**Work to complete:**
Starting at the line that contains "Multiple snakes feed", copy every line through the end of the records below exactly as written, leaving out pictures.
** Opening Excerpted records block **
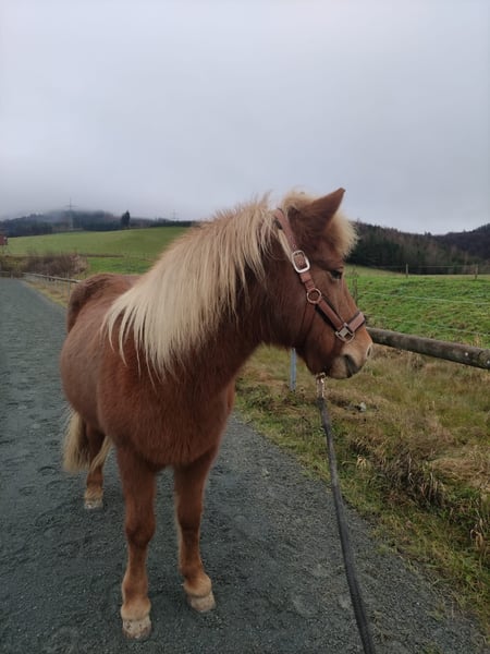 Sometimes, the heart chooses a new path... And so, an absolute sweetheart of a horse is for sale due to a step into competitive riding. A brief overview: - Name: Hyra❤️ (mare) - Height: approx. 13.5 hh (137 cm) - Date of Birth: June 7, 2008 (in top condition) - Looking for her forever home - Breed: Icelandic - Leisure horse - Low-level rider - Not a weight carrier, max. 70 kg - Small, sensitive soul💕 - No bucking, no rearing - She is familiar with dogs, tractors, road traffic, farrier, and trailer loading; she is very well-behaved in all situations. She is a bit cautious when loading into the trailer but does not rear or pull back. She stands perfectly still during transport. Personality🍀 Hyra, affectionately called "Mäuschen," is an absolute reliable partner. Once she trusts her human, she will stand by your side through thick and thin! (Provided her handler gives her confidence; otherwise, she can become unsure.) She loves going on rides and walks, remaining manageable even if she gets startled. She handles well alone and in groups and listens carefully to her rider. She also enjoys riding in the arena and on the riding hall, though she seems to prefer hacking out, where she quickly shows signs of boredom. Hyra always wants to do her best, so she needs subtle but consistent aids. Gaits✨ Hyra is a five-gaited horse (though I have only ridden her in four gaits). Her walk is steady but could be more expressive. Her trot is still a work in progress, as she has only recently learned to distinguish between trot and tölt, so her gait is not yet perfectly fluid. I cannot say much about her tölt, as I haven't ridden her in it often. Being a five-gaited Icelandic, she can only gallop uphill in the terrain. Overall, I haven't worked much on her gaits under saddle, as I mostly did ground work with her, which she enjoys and is very eager to learn. Health🐴 Hyra has never been ill or lame during our time together. She is regularly vaccinated and dewormed. She has a mild cough, but this has almost disappeared since moving to the open stable, and with regular exercise, she no longer coughs. She will be thoroughly checked before sale. An ultrasound is no problem.😊 What we wish for Hyra🍀❤️ We are looking for a loving person who will give her the attention and affection she deserves. Hyra is a sensitive little mare, so we hope her new owner is empathetic and respects her boundaries. Therefore, she should only go to an experienced horse person. Additionally, we prefer someone who values quality time with her—such as groundwork and hacking—more than her gait. She loves those activities above all else❤️ We will only rehome her to an open stable with other Icelandic friends, as she is currently happy there. Hyra needs a consistent handler, as changing riders or small children cause her stress! No riding school or lesson programs, please!!! Hyra is sold with full tack: saddle, cooler, grooming supplies, tack box, etc. P.S.: She is not currently in training, so trial riding is not possible. Videos can be sent upon serious interest. Hyra is not a rescue horse, and we only wish the best home for her❤️ Dealers, breeding farms, and riding schools are not preferred.
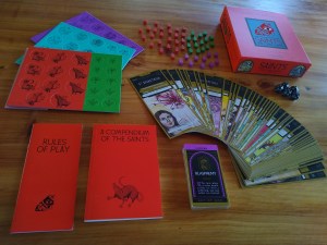 Condensing the full complexity and strategy of a collectible card game into a single box, enter the strange world of the Catholic saints, where miracles cost suffering and praying for Acts of God is a viable strategy.
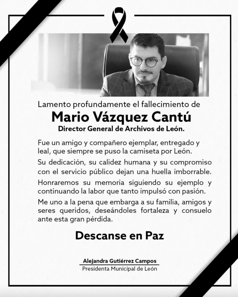 La alcaldesa Alejandra Gutiérrez Campos, a través de sus redes sociales, informó del deceso del funcionario municipal de 42 años, de quien se expresó como un amigo y compañero ejemplar, entregado y leal, que siempre se puso la camiseta por León.
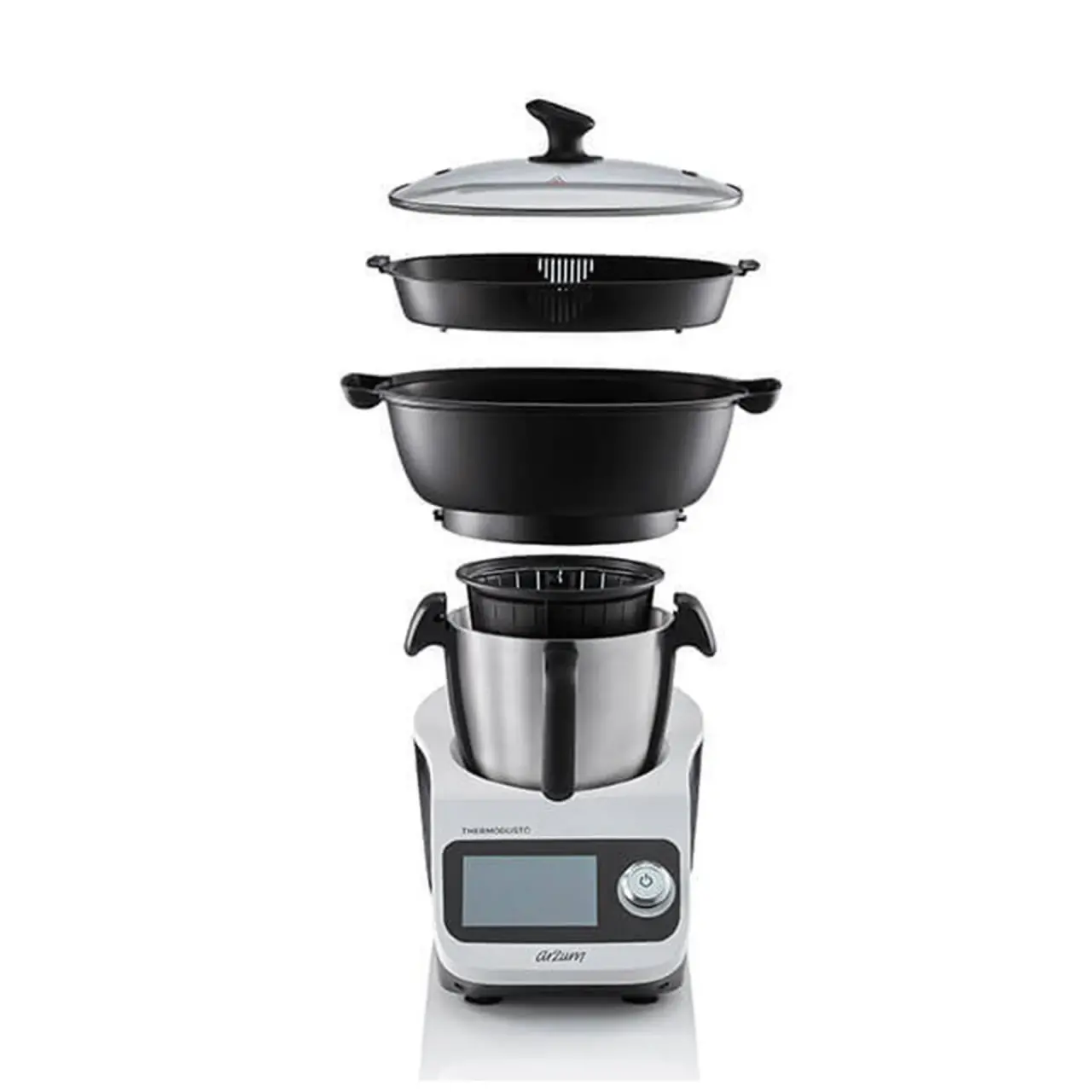 Arzum Thermogusto: 30.000 TL civarındaki fiyatıyla TM6’ya göre daha uygun ve Wi‑Fi bağlantısı sayesinde güncellenen tariflere erişim sağlıyor. 8 otomatik program ve 3,5 L paslanmaz hazne sunması ciddi bir artı. Ancak motor gücü Thermomix kadar yüksek değil.
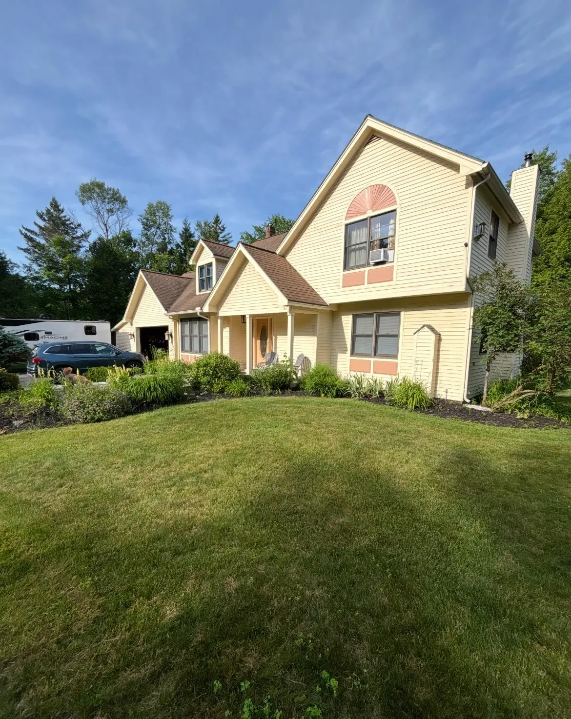 +"PublicRemarks": "Welcome to 322 Farmer Drive, where comfort and functionality are combined in a thoughtfully designed layout. Let’s start with the spacious eat-in kitchen, where you’ll find granite countertops, stainless appliances, a gas cooktop, a wall oven, and a dry bar prepped for a wine cooler. Sliding doors to the deck at both ends of the kitchen are perfect for summer barbecues and al fresco dining. Open to the kitchen, the living room benefits from an abundance of natural light, with a glass-front pellet stove to warm up on cooler nights. Boasting a built-in window seat and gas fireplace, the sitting room is equally ideal for cozying up with a book or family game nights. The second floor offers 4 bedrooms and 2 full baths. The primary suite is a true retreat, complete with a fireplace, cedar walk-in closet, and en suite bath with dual sinks, a jetted tub and separate shower. Enjoy the changing seasons from the three-season porch overlooking the backyard. The outdoor space also boasts an established garden bed that wraps around the front and side of the house, a well producing Gala apple tree, a fragrant lilac tree, landscaped walkways, a built-in fire pit, and a creek winding through. There’s a two-car attached garage with a separate enclosed storage bay for lawn equipment, garden tools, and recreational gear. The basement offers additional storage space, as well as a workshop area. Set on 0.41 acre abutting the St. Johnsbury Forest and the trail system it contains, this property offers the perfect balance of inviting indoor living and expansive outdoor enjoyment in a desirable location close to the local hospital and St. Johnsbury Academy—a true must see!"
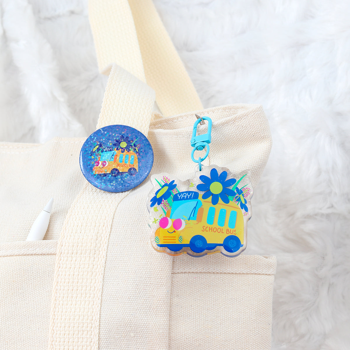 Let joy ride along with this adorable school bus keychain! Made from high-quality acrylic and covered in dazzling glitter epoxy on both sides. Features a sturdy blue-colored metal hook. Perfect for keys, bags, or as a sweet and cheerful gift for students, teachers, or anyone who loves a bit of whimsy. Measures approximately 5 cm in height. Make every day an adventure!
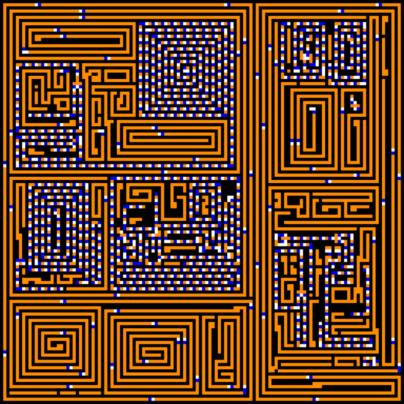Multiple snakes feed with electricity, grow, and are definitely going to lose the game and transform into an electrical circuit cellular automaton.
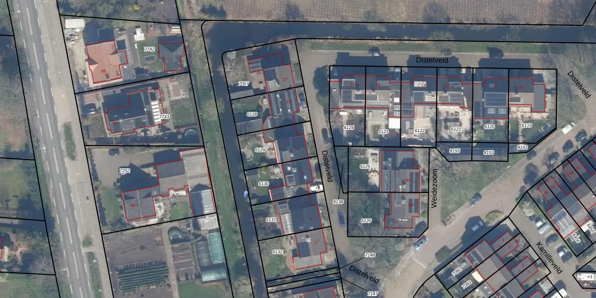 Distelveld 8 is gelegen op kadastraal perceel WDV01B6129. Deze kadastrale aanduiding is uniek en wordt gebruikt door het Kadaster om eigendomsrechten en andere zakelijke rechten vast te leggen. Het perceel maakt onderdeel uit van de kadastrale gemeente Waddinxveen.
** Closing Excerpted records block **
**Solution for this task:**
Multiple snakes feed with electricity, grow, and are definitely going to lose the game and transform into an electrical circuit cellular automaton.
 Distelveld 8 is gelegen op kadastraal perceel WDV01B6129. Deze kadastrale aanduiding is uniek en wordt gebruikt door het Kadaster om eigendomsrechten en andere zakelijke rechten vast te leggen. Het perceel maakt onderdeel uit van de kadastrale gemeente Waddinxveen.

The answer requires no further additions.